Samuel Pires apiedou-se do homem:
– Imagine que eu me disfarçava de padre para melhor denunciar a ausência de espiritualidade na Igreja Católica...
– Certo...
– Ainda assim eu teria uma alma. Seria um falso padre, denunciando a falsidade da Igreja Católica, mas não deixaria, por isso, de ter uma alma. Compreende?
O jornalista pensou um pouco:
– Não!
– Eu também não! – irritou-se Pires. – Mas, se estivesse no seu lugar, teria a delicadeza de dizer que sim e ia-me embora.
Ingo aprumou-se:
– Não me pagam para ser delicado, senhor Pires!
Pagam-me para fazer perguntas.
Pires sentiu que a mostarda lhe subia ao nariz.
Malditos alemães e a sua racionalidade diabólica.
Respirou fundo. Falou, separando bem as sílabas, como se estivesse a tentar comunicar-se com a Siri ou qualquer
outro assistente virtual:
– Da mesma maneira que a representação de um cachimbo não é um cachimbo, também eu, enquanto representação de um vigarista,
não sou um vigarista. Sou a representação triunfante de um vigarista.

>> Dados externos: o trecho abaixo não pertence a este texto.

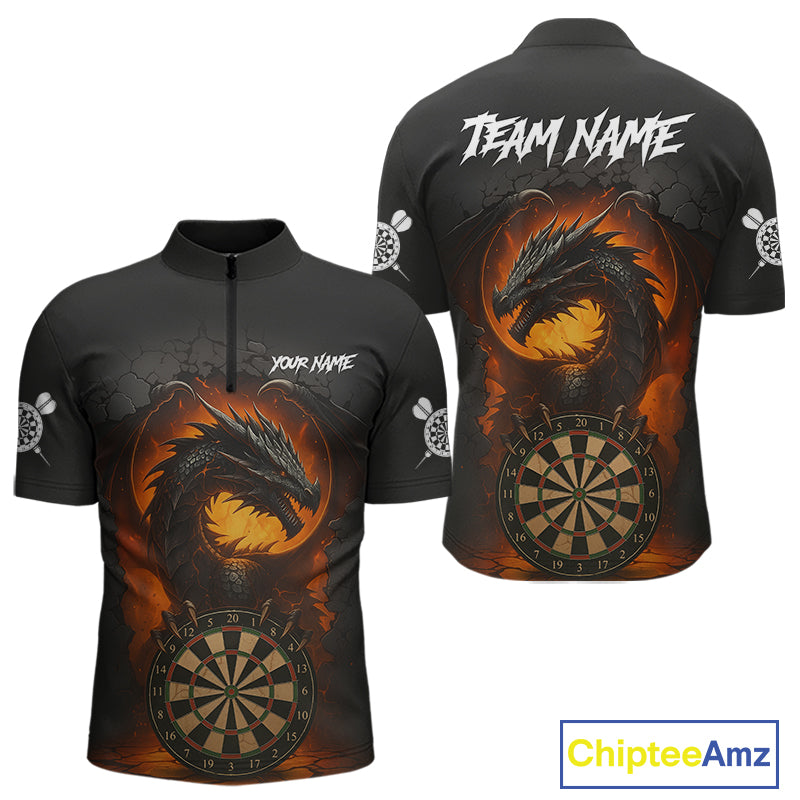 Personalized Black Grey Dragon Darts Shirt For Men Custom Fire Dart Jersey Team Polo & 1/4 Zip TDM5179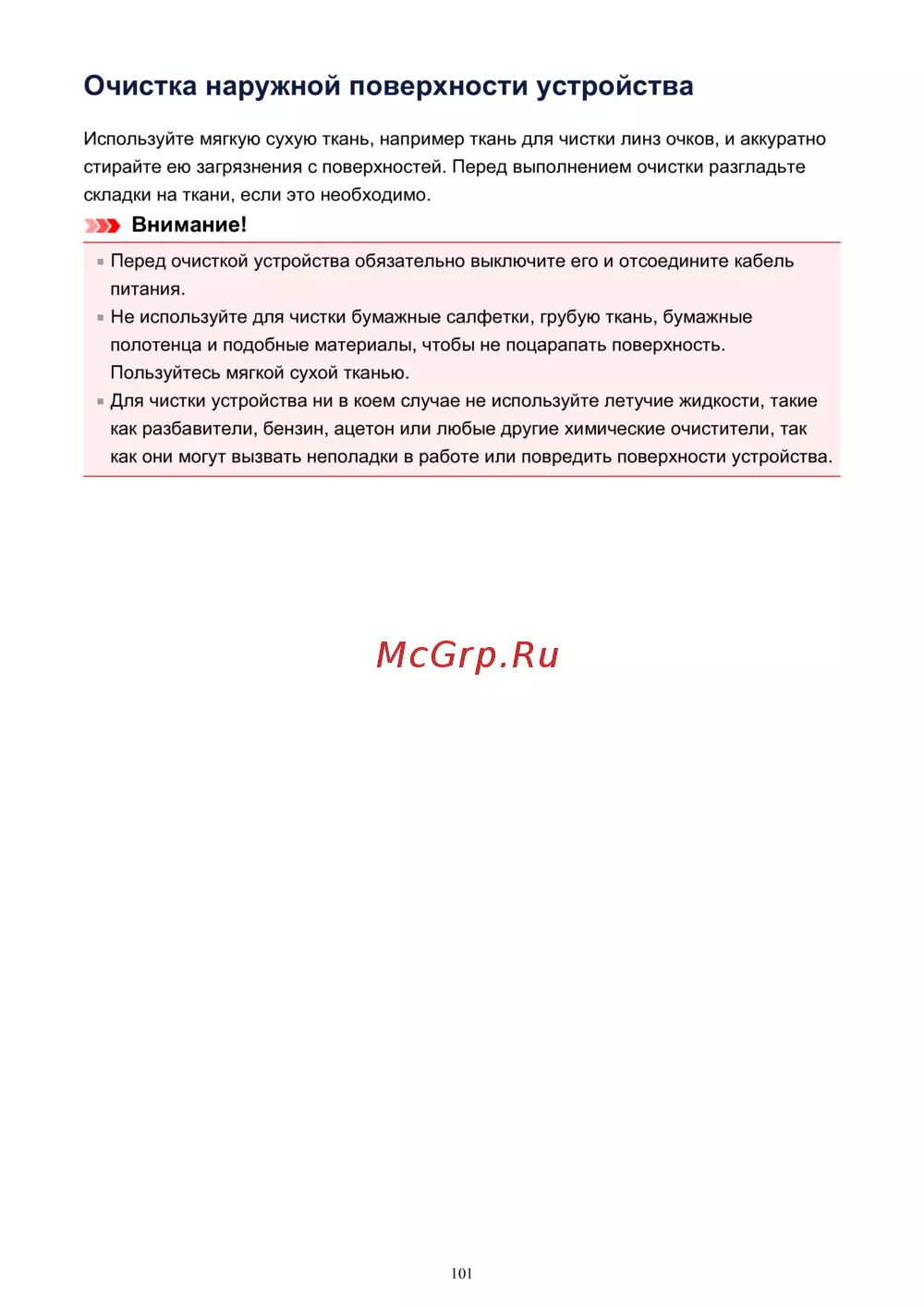 Canon PIXMA MG2545 — правила очистки наружной поверхности устройства [101/638]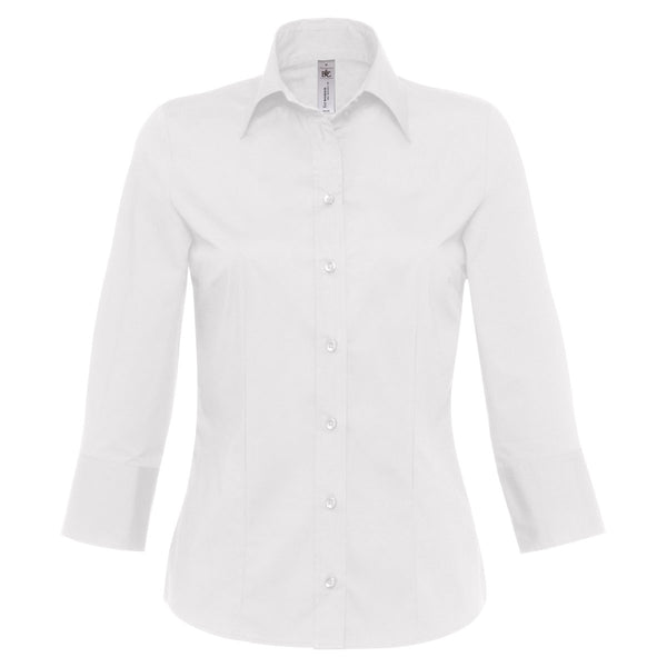 B&C Women's White Milano 3/4 Sleeved Poplin Shirt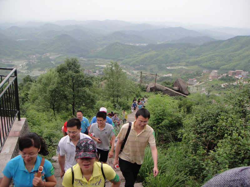 端午節(jié)前后登高是建亨集團(tuán)的傳統(tǒng)文化活動(dòng),每年的端午節(jié)前后,集團(tuán)總部領(lǐng)導(dǎo)都會(huì)帶領(lǐng)所有員工登高,到今年已經(jīng)是第五屆了。以往幾屆公司領(lǐng)導(dǎo)都是帶領(lǐng)大家征服市區(qū)森林公園的云碧峰。2013年,公司將向更高的目標(biāo)——靈山風(fēng)景區(qū)迷仙宮發(fā)起挑戰(zhàn)。6月11日早上7:30分,集團(tuán)總部及上饒所屬各分(子)公司員工乘坐大巴車向著目標(biāo)地開進(jìn),經(jīng)過40分鐘的車程,大家已經(jīng)來到了本次登山的起點(diǎn)地水晶巖。為增加登山活動(dòng)的趣味性也為體現(xiàn)公司員工之間的團(tuán)隊(duì)協(xié)作意識(shí),活動(dòng)組織方專門制定了登山比賽規(guī)則,本次登山以三人一組為單位,進(jìn)行團(tuán)隊(duì)競爭比賽,整組隊(duì)員同時(shí)全部登頂就可獲得獎(jiǎng)品一份,這讓每一位參加登山人員早已摩拳擦掌、躍躍欲試了。經(jīng)過教練講解完登山安全注意事項(xiàng)及簡單動(dòng)員后,本次征服之旅正式鳴哨啟動(dòng)。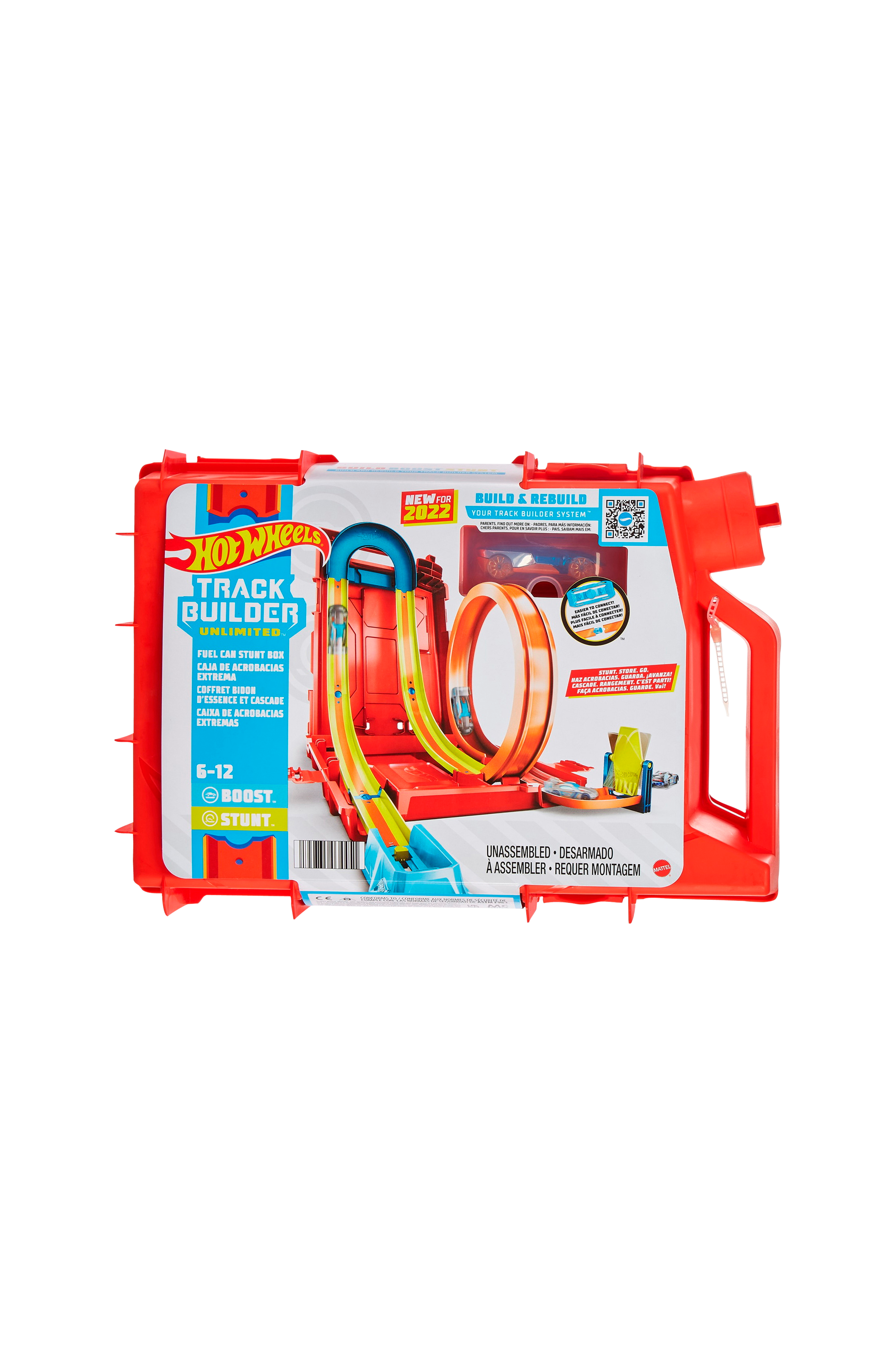Bilbana med böjda och raka delar där man skjuter iväg bilar som gör häftiga stunttrick.Fodralet som är i form av en bensindunk kan också förvandlas till en del av leksetet!Ett Hot Wheels®-fordon ingår.• Från 6 år.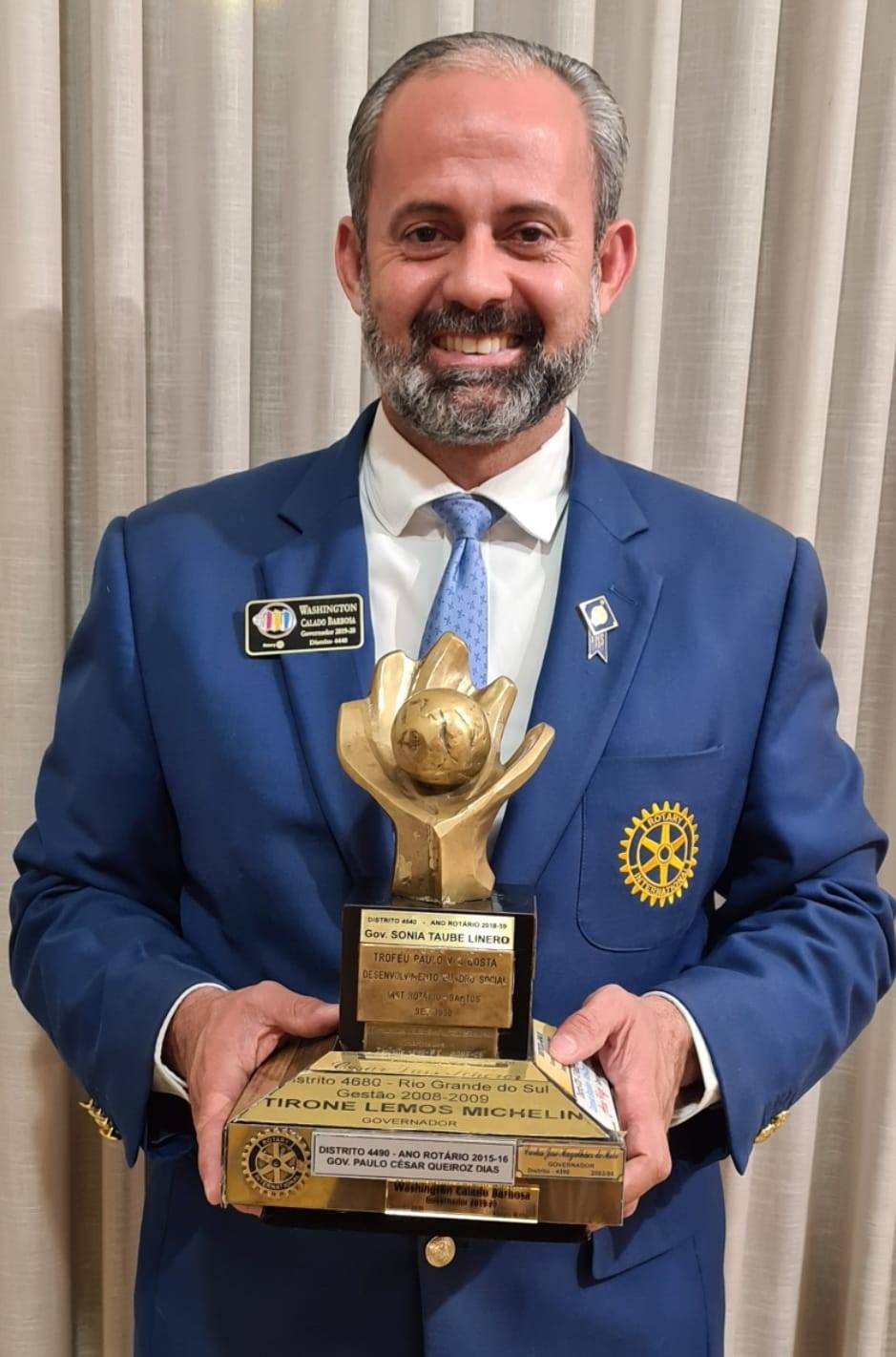 Poderíamos estender e muito esse rol de realizações às comunidades do nosso distrito, mas paramos por aqui. Porém, um dos feitos que mais o orgulha e nos orgulha, como companheiros desse distrito, são as conquistas à instituição, como as relativas ao DQA (Desenvolvimento do Quadro Associativo). E nesse particular não sobram dúvidas para quaisquer ilações que por ventura alguém, inadvertidamente, queira fazer: são tão expressivos e significativos os números que Washington apresenta, como os decorrentes de sua gestão à frente do Distrito 4440, como campeão absoluto de criação de novos 12 novos clubes e crescimento do quadro de 336 associados, com a outorga do troféu “Companheiro Paulo Viriato Corrêa da Costa”, a mais alta distinção rotária do país.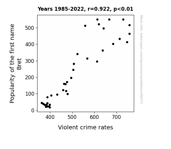 This means 84.9% of the change in the one variable (i.e., Violent crime rates) is predictable based on the change in the other (i.e., Popularity of the first name Bret) over the 38 years from 1985 through 2022.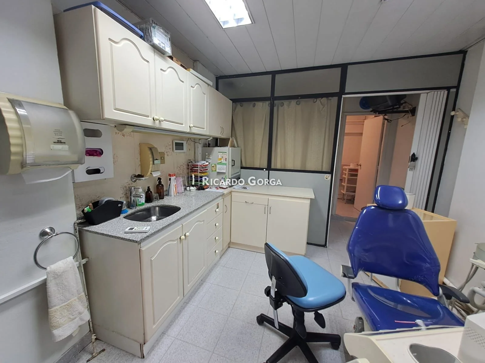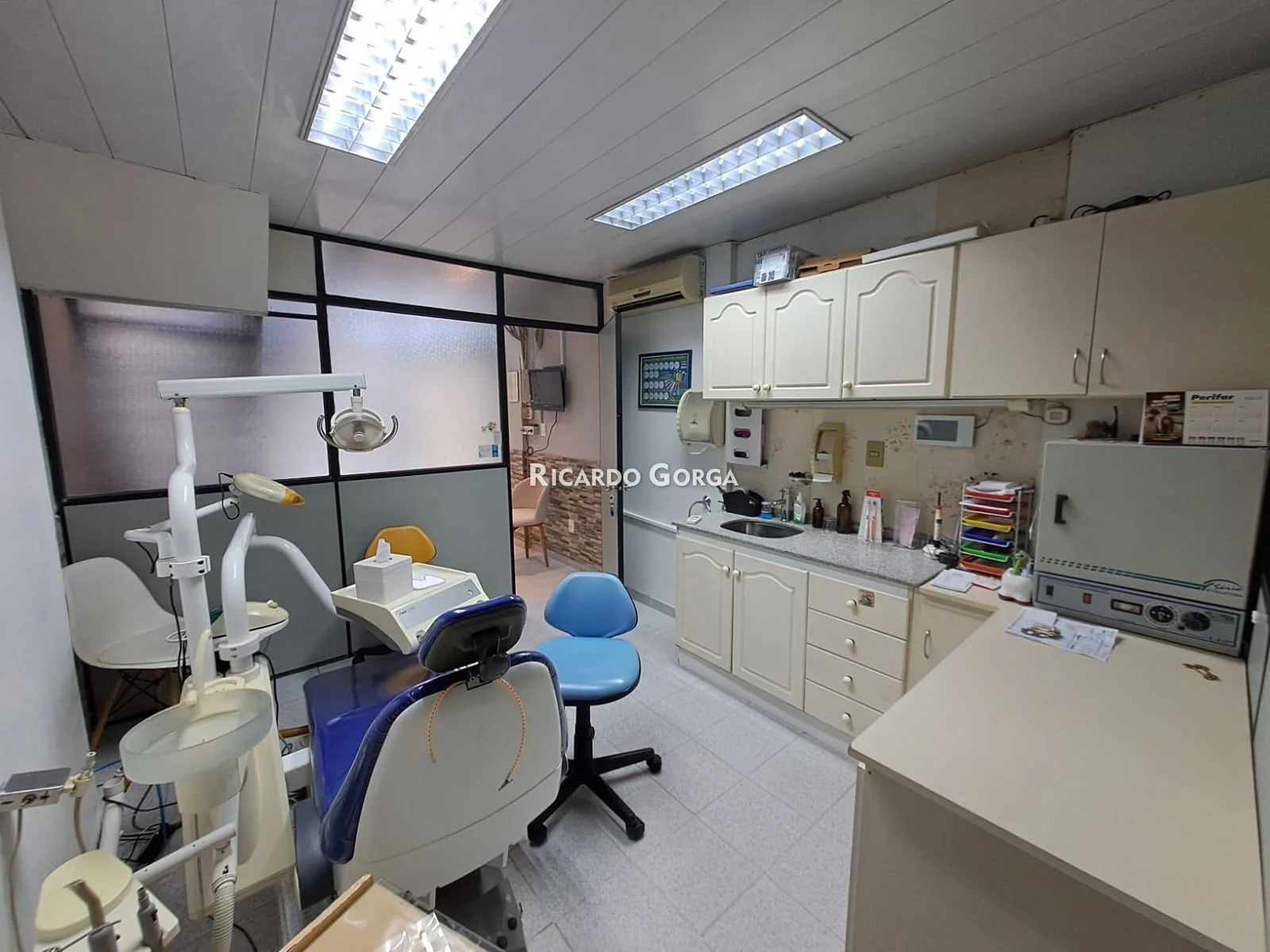 Una oficina o escritorio, ideal para laboratorista dental, con escritorio, cajoneras, mueble con espacio de guardado, además espacio para el segundo consultorio, el cual posee sillón adecuado, iluminación y otros implementos en buen estado para desarrollar la profesión.

Um vigarista é um vigarista, ao passo que a representação de um vigarista é uma obra de arte. Eu sou a minha própria obra de arte.
Entende agora?
O jornalista concordou, fatigado.
Nessa noite, ao jantar, anunciou à mulher, Sophia, que pretendia abandonar o jornalismo. Queria ser artista. Artista conceptual. A esposa olhou-o, com surpresa:
– Mas tu nem sequer sabes desenhar!
– Por isso mesmo. Se soubesse, desenhar seria um problema. Teria de esforçar-me muito para desaprender.
Não quero impor aos outros o meu estilo. Quero fazer uma arte democrática e imaterial.
Ingo S., o artista, alcançou grande sucesso logo na primeira exposição.
Numa sala enorme, diante de quadrados desenhados no soalho, a tinta branca, os visitantes eram convidados a imaginar diferentes esculturas: aqui, uma baleia em bronze, amamentando uma sereia bebé; ali, um palhaço ajoelhado diante de Donald Trump, etc. Em apenas três dias, vendeu as obras todas.
– O melhor de tudo é que são fáceis de transportar e instalar – comentou Sophia Shultz à melhor amiga.
– E a produção foi muito barata.
Quem não gostou do sucesso de Ingo S. foi Samuel Pires. O artivista riscou com dois traços imaginários a galeria onde o alemão expunha a sua obra: “Com estes dois traços, destruo todas as obras imateriais de Ingo S”, anunciou num breve comunicado de imprensa. Dessa vez, contudo, ninguém lhe prestou atenção.